Experimental results indicate that, in general, at modest temperatures the creep strength of metal and intermetallic matrix composites is better than that of the matrix material alone. However, at temperatures higher than approximately half the melting temperature of the matrix, the composite strength is limited and in some cases the strengthening imparted by the reinforcements is completely lost despite the absence of any debonding or damage accumulation along the matrix-reinforcement interface. Slip and diffusional flow along the interface, driven by the gradient in the normal stress, are suggested as mechanisms responsible for the loss of strengthening. The composite behavior is investigated by coupling the interface diffusion and slip mechanisms with the power-law creep of the matrix.; The steady state creep strength of a continuous fiber composite under transverse loading and a discontinuous fiber composite under axial loading are investigated.
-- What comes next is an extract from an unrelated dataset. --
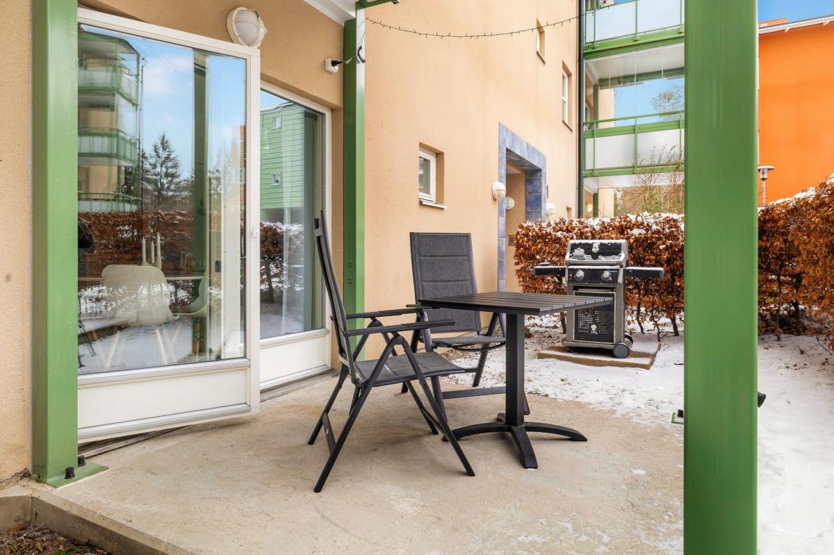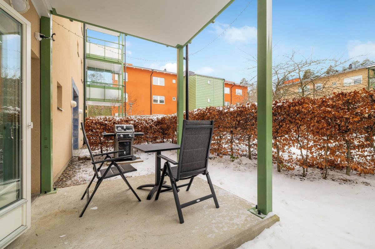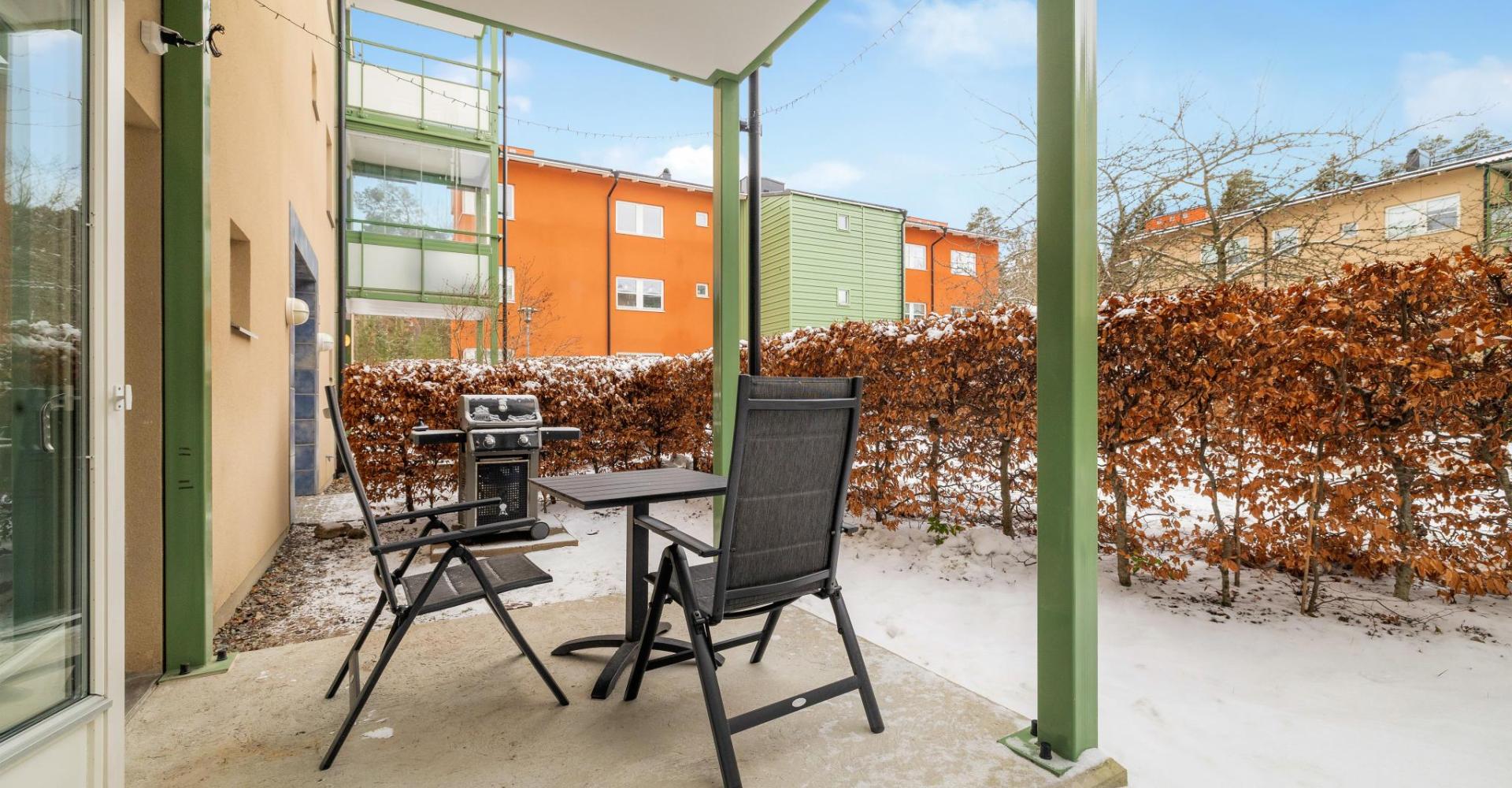 Lägenheten ligger insynsskyddat bakom häck
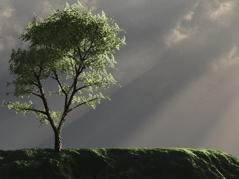 Ich hab mir mal den Spaß gemacht und eine Testreihe aufgesetzt (Ich hoffe, du verzeihst es, wenn ich deinen Thread dazu mißbrauche): Ein Vue-Standardbaum auf einfachem Terrain mit spektraler Atmo und Godrays. Ecos hab ich keine verbaut und das Licht steht erstmal auf Global Ambiente.

In the case of discontinuous fiber reinforced composites with a diffusive interface, the critical fiber aspect ratio needed for the composite to be stronger than the pure matrix is obtained.; The two relaxation mechanisms are used to explain the temperature dependence of the strength of gamma-TiAl matrix reinforced with Ti 2AlC particles. A methodology is suggested for extracting the properties of the interface combining the experimental measurements of the composite creep strength with the corresponding finite element based strength predictions.; The strength of the leading order singularity and the angular variation of the solution within a constant around the sharp corner of a discontinuous fiber are obtained in an asymptotic study. By comparing the asymptotic and the finite element solutions the value of this constant and the region of dominance for the singular solution are obtained. The region of dominance is found to be only of the order of 5 x 10-4 times the fiber radius.; The influence of the two mechanisms on the transient stress redistribution between the composite constituents is investigated. For a composite whose matrix-reinforcement interface is either perfectly bonded, freely slipping, or rapidly diffusive, the transient solution scales with the applied load and the matrix creep viscous modulus. The transient solutions at large times are found to approach the corresponding solutions obtained from the direct steady state analysis.